Records from a data collection
.....

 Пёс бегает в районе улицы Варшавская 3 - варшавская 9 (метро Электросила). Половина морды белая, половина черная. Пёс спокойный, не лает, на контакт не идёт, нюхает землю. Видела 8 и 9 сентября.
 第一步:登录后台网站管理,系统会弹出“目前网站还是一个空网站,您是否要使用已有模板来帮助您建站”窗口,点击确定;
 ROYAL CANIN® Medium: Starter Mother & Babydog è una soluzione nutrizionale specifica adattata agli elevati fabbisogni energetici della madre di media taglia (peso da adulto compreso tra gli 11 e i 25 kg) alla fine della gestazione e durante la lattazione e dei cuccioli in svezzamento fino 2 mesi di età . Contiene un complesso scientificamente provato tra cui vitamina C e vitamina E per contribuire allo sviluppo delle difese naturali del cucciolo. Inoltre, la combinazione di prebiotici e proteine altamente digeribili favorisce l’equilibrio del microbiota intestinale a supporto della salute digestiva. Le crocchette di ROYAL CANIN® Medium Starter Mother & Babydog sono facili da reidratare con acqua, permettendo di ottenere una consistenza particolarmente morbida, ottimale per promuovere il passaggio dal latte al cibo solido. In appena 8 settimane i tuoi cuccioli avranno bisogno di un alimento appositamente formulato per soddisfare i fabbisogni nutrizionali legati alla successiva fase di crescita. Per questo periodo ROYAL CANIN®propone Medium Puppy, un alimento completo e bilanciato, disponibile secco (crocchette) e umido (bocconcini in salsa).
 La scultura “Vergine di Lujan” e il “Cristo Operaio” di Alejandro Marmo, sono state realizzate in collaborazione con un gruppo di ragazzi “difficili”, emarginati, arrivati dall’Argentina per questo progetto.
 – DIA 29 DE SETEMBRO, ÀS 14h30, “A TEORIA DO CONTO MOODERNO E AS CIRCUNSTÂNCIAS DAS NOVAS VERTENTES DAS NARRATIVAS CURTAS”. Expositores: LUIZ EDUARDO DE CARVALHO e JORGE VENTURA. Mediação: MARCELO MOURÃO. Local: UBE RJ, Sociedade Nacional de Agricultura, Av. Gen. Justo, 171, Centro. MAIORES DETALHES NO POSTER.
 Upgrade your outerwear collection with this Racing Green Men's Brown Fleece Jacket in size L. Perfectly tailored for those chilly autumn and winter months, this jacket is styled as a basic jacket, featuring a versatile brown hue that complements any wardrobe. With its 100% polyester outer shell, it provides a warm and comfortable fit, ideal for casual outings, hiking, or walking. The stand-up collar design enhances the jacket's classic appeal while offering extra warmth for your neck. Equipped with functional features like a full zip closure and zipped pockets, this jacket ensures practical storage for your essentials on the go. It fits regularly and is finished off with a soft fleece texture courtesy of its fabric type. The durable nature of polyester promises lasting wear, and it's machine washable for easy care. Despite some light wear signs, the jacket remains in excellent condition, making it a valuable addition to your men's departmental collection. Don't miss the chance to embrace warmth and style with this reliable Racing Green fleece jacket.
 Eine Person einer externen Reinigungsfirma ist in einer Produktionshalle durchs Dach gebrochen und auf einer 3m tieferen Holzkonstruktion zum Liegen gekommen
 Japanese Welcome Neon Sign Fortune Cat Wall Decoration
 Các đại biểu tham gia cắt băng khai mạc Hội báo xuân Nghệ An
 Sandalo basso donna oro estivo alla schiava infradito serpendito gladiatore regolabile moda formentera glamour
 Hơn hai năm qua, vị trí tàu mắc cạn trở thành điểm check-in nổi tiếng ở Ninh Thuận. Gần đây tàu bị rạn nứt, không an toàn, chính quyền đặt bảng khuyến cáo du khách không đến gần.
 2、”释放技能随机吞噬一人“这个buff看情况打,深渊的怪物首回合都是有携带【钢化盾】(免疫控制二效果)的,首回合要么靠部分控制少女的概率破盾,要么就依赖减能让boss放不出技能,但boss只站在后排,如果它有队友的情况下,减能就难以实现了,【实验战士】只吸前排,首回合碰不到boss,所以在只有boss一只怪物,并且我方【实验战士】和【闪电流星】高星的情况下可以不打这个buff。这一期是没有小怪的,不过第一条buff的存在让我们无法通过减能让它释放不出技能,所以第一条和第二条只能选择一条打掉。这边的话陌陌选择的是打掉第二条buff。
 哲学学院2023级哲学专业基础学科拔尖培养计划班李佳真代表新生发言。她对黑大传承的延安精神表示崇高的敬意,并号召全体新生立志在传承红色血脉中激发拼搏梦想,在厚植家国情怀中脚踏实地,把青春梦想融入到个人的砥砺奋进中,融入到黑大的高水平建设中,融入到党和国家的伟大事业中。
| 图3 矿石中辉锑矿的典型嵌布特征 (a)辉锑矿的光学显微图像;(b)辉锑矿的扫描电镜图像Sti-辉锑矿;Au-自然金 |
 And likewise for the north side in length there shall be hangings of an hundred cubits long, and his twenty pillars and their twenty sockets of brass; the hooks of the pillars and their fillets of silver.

.....

[EXERCISE GOAL] All that is needed is the opening run of the data, given again exactly: please include every line from the first through the line with "ROYAL CANIN® Medium: Starter", both ends kept.

[RESPONSE BOX]
 Пёс бегает в районе улицы Варшавская 3 - варшавская 9 (метро Электросила). Половина морды белая, половина черная. Пёс спокойный, не лает, на контакт не идёт, нюхает землю. Видела 8 и 9 сентября.
 第一步:登录后台网站管理,系统会弹出“目前网站还是一个空网站,您是否要使用已有模板来帮助您建站”窗口,点击确定;
 ROYAL CANIN® Medium: Starter Mother & Babydog è una soluzione nutrizionale specifica adattata agli elevati fabbisogni energetici della madre di media taglia (peso da adulto compreso tra gli 11 e i 25 kg) alla fine della gestazione e durante la lattazione e dei cuccioli in svezzamento fino 2 mesi di età . Contiene un complesso scientificamente provato tra cui vitamina C e vitamina E per contribuire allo sviluppo delle difese naturali del cucciolo. Inoltre, la combinazione di prebiotici e proteine altamente digeribili favorisce l’equilibrio del microbiota intestinale a supporto della salute digestiva. Le crocchette di ROYAL CANIN® Medium Starter Mother & Babydog sono facili da reidratare con acqua, permettendo di ottenere una consistenza particolarmente morbida, ottimale per promuovere il passaggio dal latte al cibo solido. In appena 8 settimane i tuoi cuccioli avranno bisogno di un alimento appositamente formulato per soddisfare i fabbisogni nutrizionali legati alla successiva fase di crescita. Per questo periodo ROYAL CANIN®propone Medium Puppy, un alimento completo e bilanciato, disponibile secco (crocchette) e umido (bocconcini in salsa).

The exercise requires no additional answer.